───── EXTRACTED INFORMATION

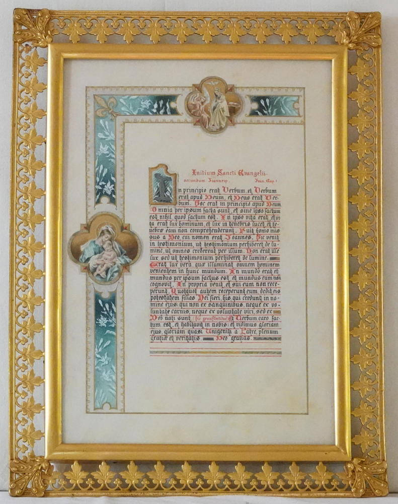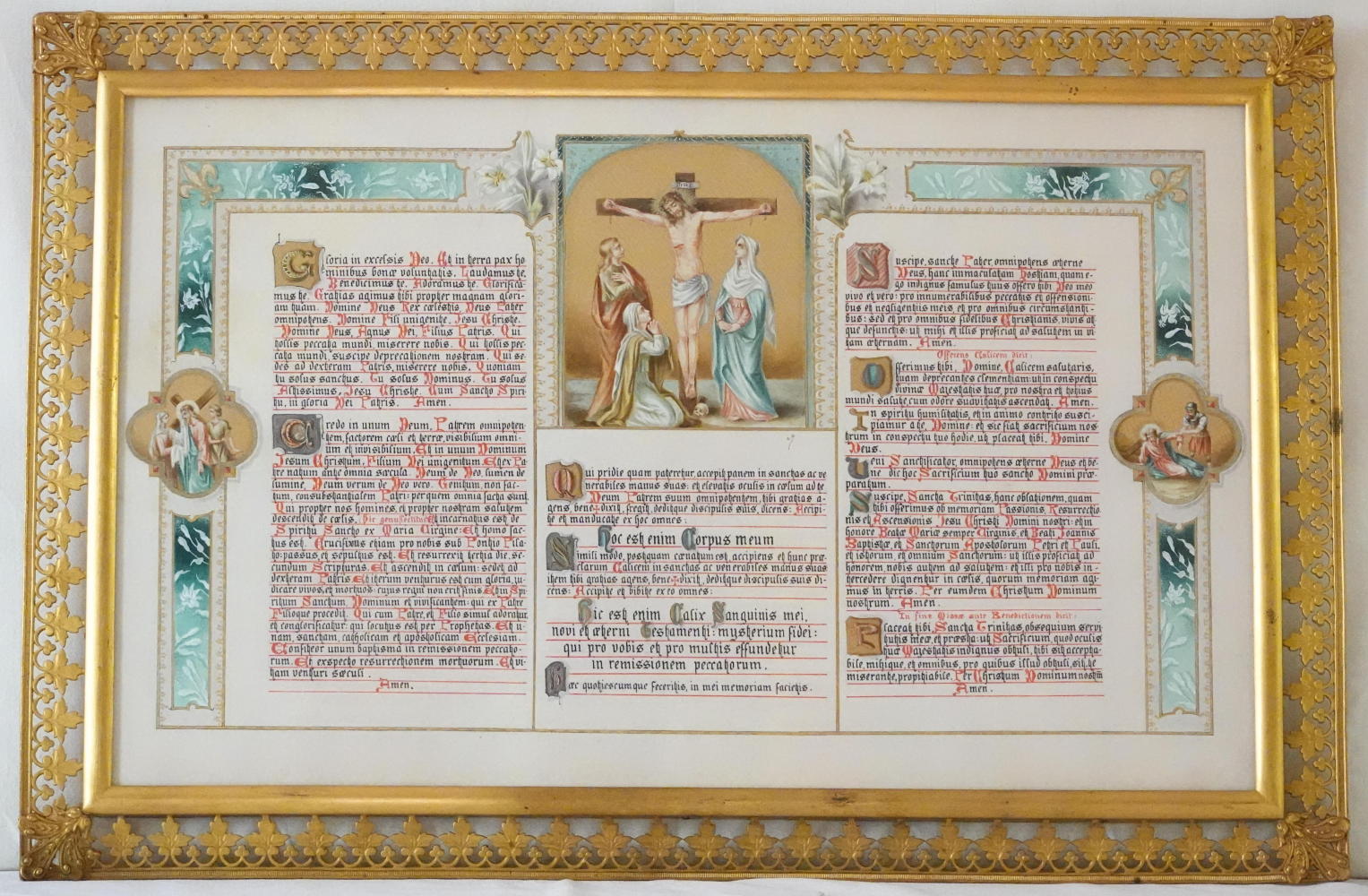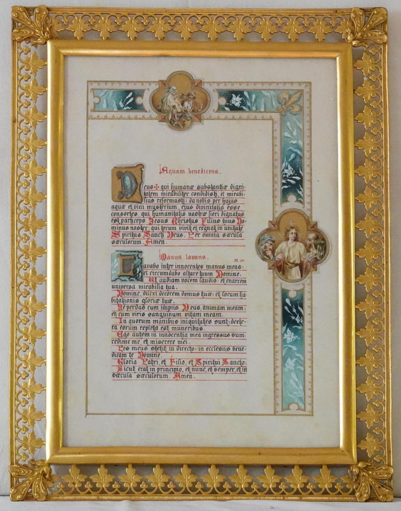 Hand painted illustrated Altar Cards in decorative brass frames.
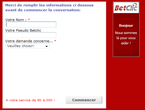 Pour joindre le support Betclic, vous pouvez utiliser le Chat gratuit disponible depuis le site internet du bookmaker : http://www.Betclic.fr. Le Live Chat de Betclic est disponible 7 jours sur 7, de 8h à 00h. Un conseiller répond à toutes vos questions concernant les Paris Sportifs, les Paris Hippiques ou le Poker. Grâce au chat de Betclic, vous pouvez discuter en Live avec un téléconseiller directement depuis votre ordinateur PC ou Mac.
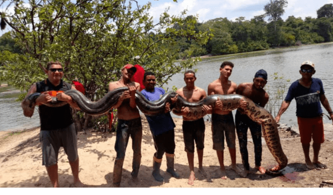 Nos registros feitos pelos próprios envolvidos, é possível ver os homens em uma embarcação quando encontram a cobra de mais de 5 metros em um local que não foi esclarecido.
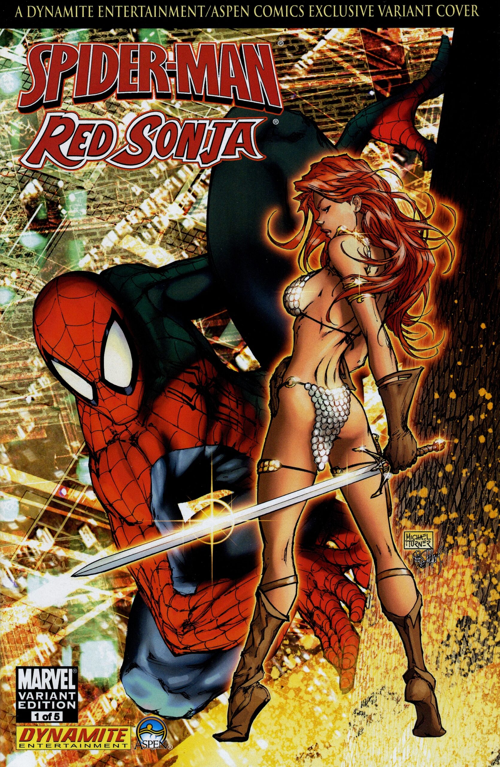 DF SPIDER-MAN RED SONJA #1 DYNAMITE ASPEN EXCLUSIVE BY MICHAEL TURNER CGC GRADED
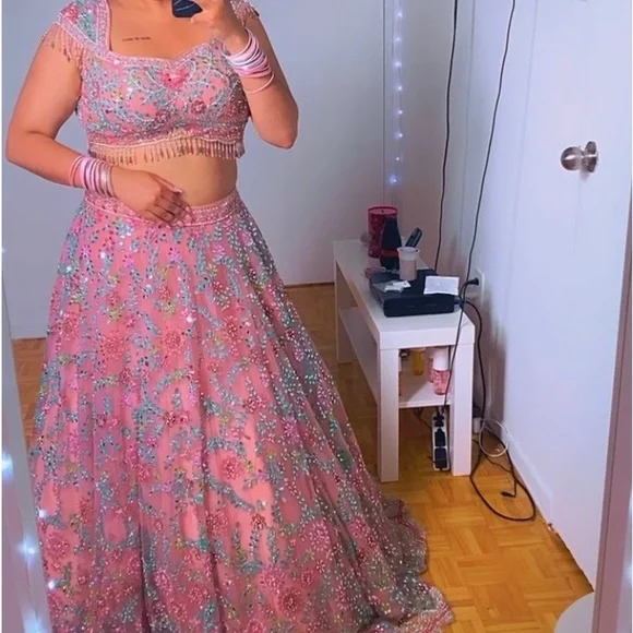 Indian lehenga worn once still in new condition comes with skirt, top and dupatta skirt can fit size small, medium and possibly large there’s no drawstring but there it’s clasp and zipper top can fit up to size large zip on side drawstring back I did have it open 2 inches top is padded located in Toronto can do a deal please msg I cannot ship skirt has big can can
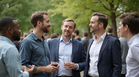 A group of five men is engaged in lively conversation outdoors in a park with trees providing green surroundings They are dressed in various smart-casual outfits Some are holding drinks
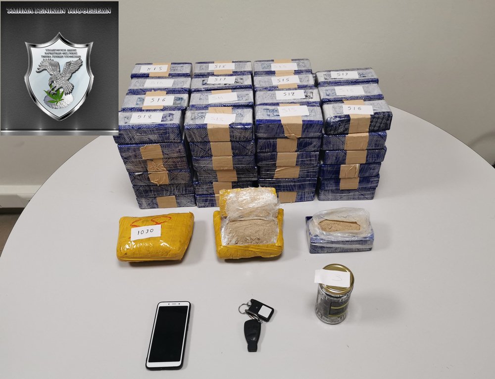 Κατασχέθηκαν περισσότερα από 50 κιλά ηρωίνης και συνελήφθη σημαντικό στέλεχος οργανωμένου διεθνούς κυκλώματος εμπορίας και διακίνησης ναρκωτικών που προέρχονται από έτερη χώρα.
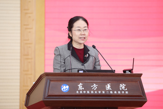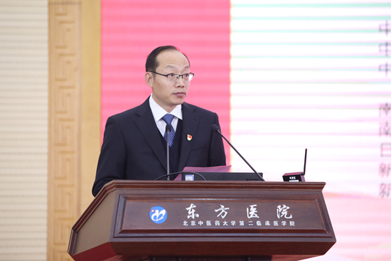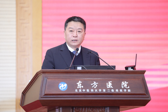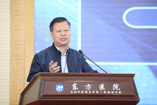 北京中医药大学东方医院院长刘金民作任务报告,总结影像东方医院20年进行进程,并对未来进行瞻望。
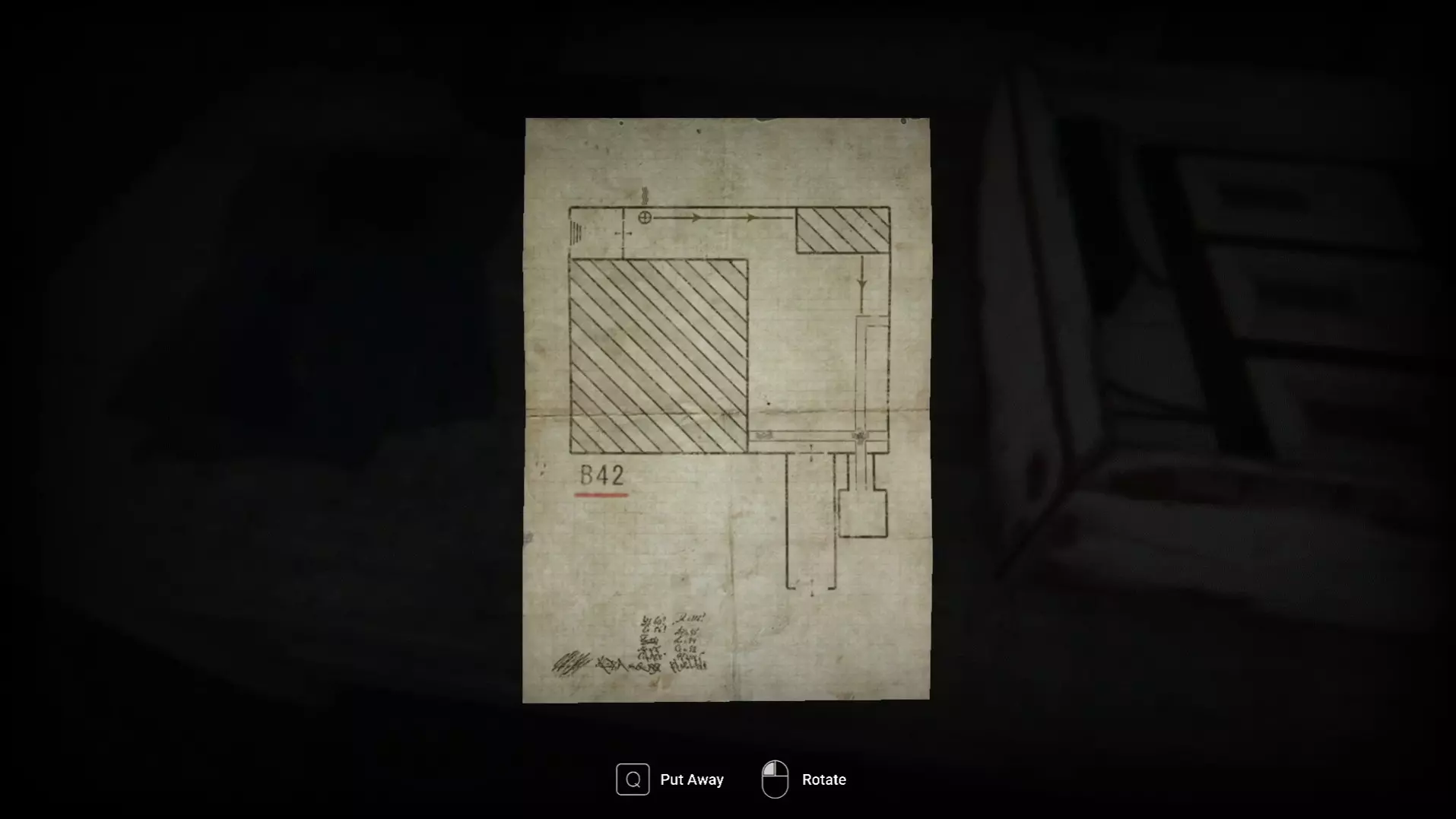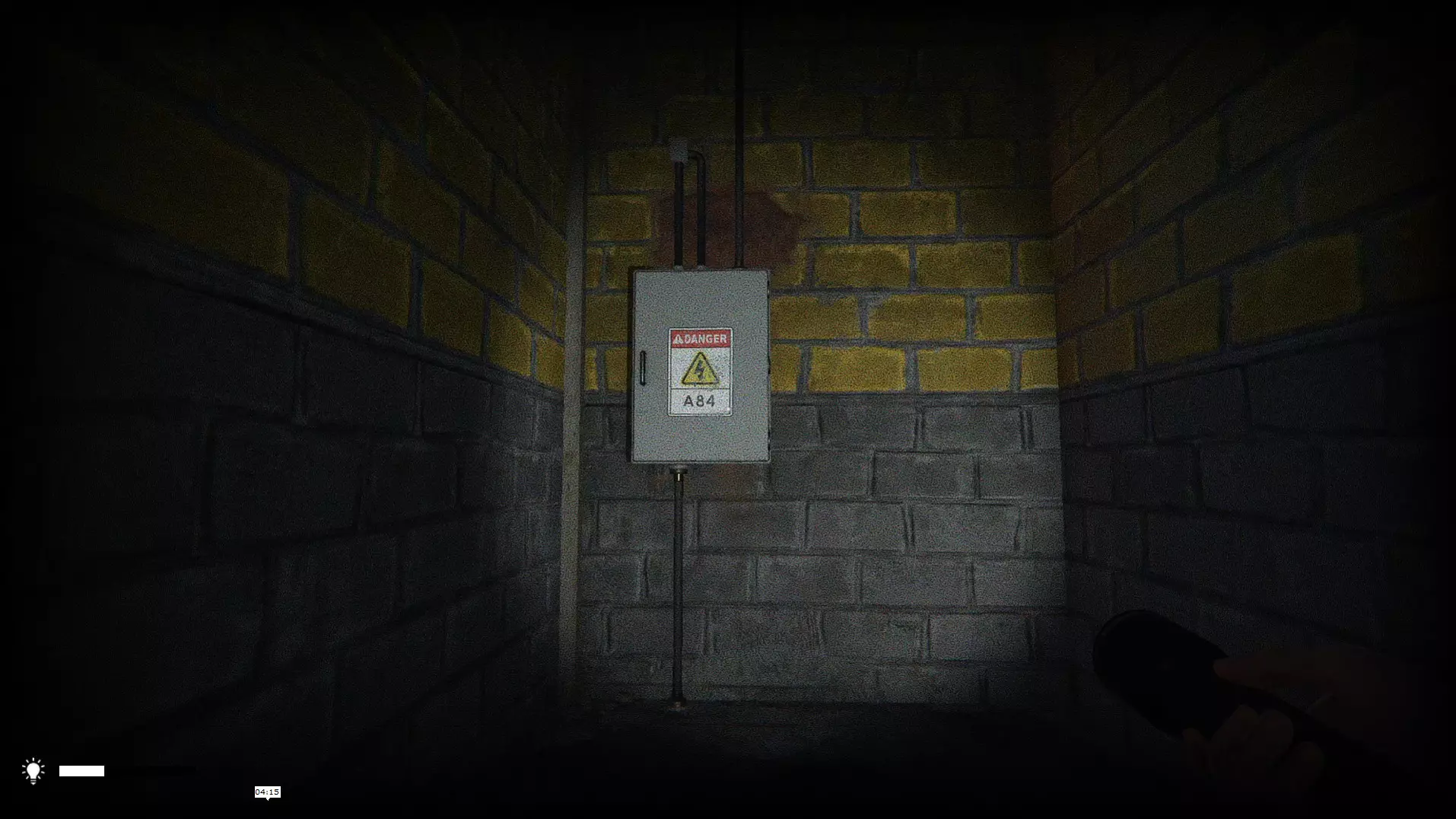 这里可以找到视频时间戳。 钥匙(打开地下室门) 有一个四位数密码锁。将电源开关盒上的文字(A84)与之前便条上的文字(B42)按字母顺序组合。

──────────

Type out the data above again exactly as written, minus the images.

#### [EXERCISE ANSWER]
 Hand painted illustrated Altar Cards in decorative brass frames.
 Pour joindre le support Betclic, vous pouvez utiliser le Chat gratuit disponible depuis le site internet du bookmaker : http://www.Betclic.fr. Le Live Chat de Betclic est disponible 7 jours sur 7, de 8h à 00h. Un conseiller répond à toutes vos questions concernant les Paris Sportifs, les Paris Hippiques ou le Poker. Grâce au chat de Betclic, vous pouvez discuter en Live avec un téléconseiller directement depuis votre ordinateur PC ou Mac.
 Nos registros feitos pelos próprios envolvidos, é possível ver os homens em uma embarcação quando encontram a cobra de mais de 5 metros em um local que não foi esclarecido.
 DF SPIDER-MAN RED SONJA #1 DYNAMITE ASPEN EXCLUSIVE BY MICHAEL TURNER CGC GRADED
 Indian lehenga worn once still in new condition comes with skirt, top and dupatta skirt can fit size small, medium and possibly large there’s no drawstring but there it’s clasp and zipper top can fit up to size large zip on side drawstring back I did have it open 2 inches top is padded located in Toronto can do a deal please msg I cannot ship skirt has big can can
 A group of five men is engaged in lively conversation outdoors in a park with trees providing green surroundings They are dressed in various smart-casual outfits Some are holding drinks
 Κατασχέθηκαν περισσότερα από 50 κιλά ηρωίνης και συνελήφθη σημαντικό στέλεχος οργανωμένου διεθνούς κυκλώματος εμπορίας και διακίνησης ναρκωτικών που προέρχονται από έτερη χώρα.
 北京中医药大学东方医院院长刘金民作任务报告,总结影像东方医院20年进行进程,并对未来进行瞻望。
 这里可以找到视频时间戳。 钥匙(打开地下室门) 有一个四位数密码锁。将电源开关盒上的文字(A84)与之前便条上的文字(B42)按字母顺序组合。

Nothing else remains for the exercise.